Task statement = Please reproduce the data exactly and omit the pictures.

Supplied material =
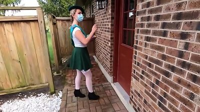 milf with a spectacular white bootie changes pads in the park outside
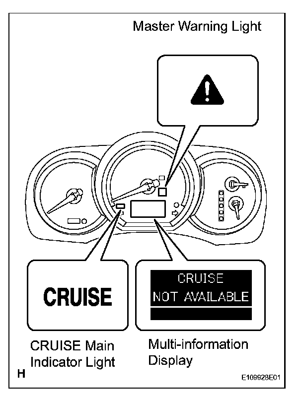 b. The CRUISE main indicator light blinks, the master warning light comes on with the warning sound "Pop", and the display shows "CRUISE NOT AVAILABLE". The cruise control operation is suspended until the canceling condition is resolved (in the vehicle-to-vehicle distance control mode only). The auto cancel function cancels the cruise control operation in the following condition.
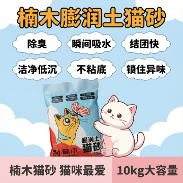 帮我做10张拼多多主图,卖点可写结团快不粘底 猫咪超爱用 10kg大包装 囤货更划算 膨润土猫砂瞬间吸水+锁住异味 楠木膨润土猫砂:结团快/不粘底/洁净低尘10kg大容量猫砂 除臭结团一步到位 和图二类型一样 多些点缀 不要框

Exercise result =
 milf with a spectacular white bootie changes pads in the park outside
 b. The CRUISE main indicator light blinks, the master warning light comes on with the warning sound "Pop", and the display shows "CRUISE NOT AVAILABLE". The cruise control operation is suspended until the canceling condition is resolved (in the vehicle-to-vehicle distance control mode only). The auto cancel function cancels the cruise control operation in the following condition.
 帮我做10张拼多多主图,卖点可写结团快不粘底 猫咪超爱用 10kg大包装 囤货更划算 膨润土猫砂瞬间吸水+锁住异味 楠木膨润土猫砂:结团快/不粘底/洁净低尘10kg大容量猫砂 除臭结团一步到位 和图二类型一样 多些点缀 不要框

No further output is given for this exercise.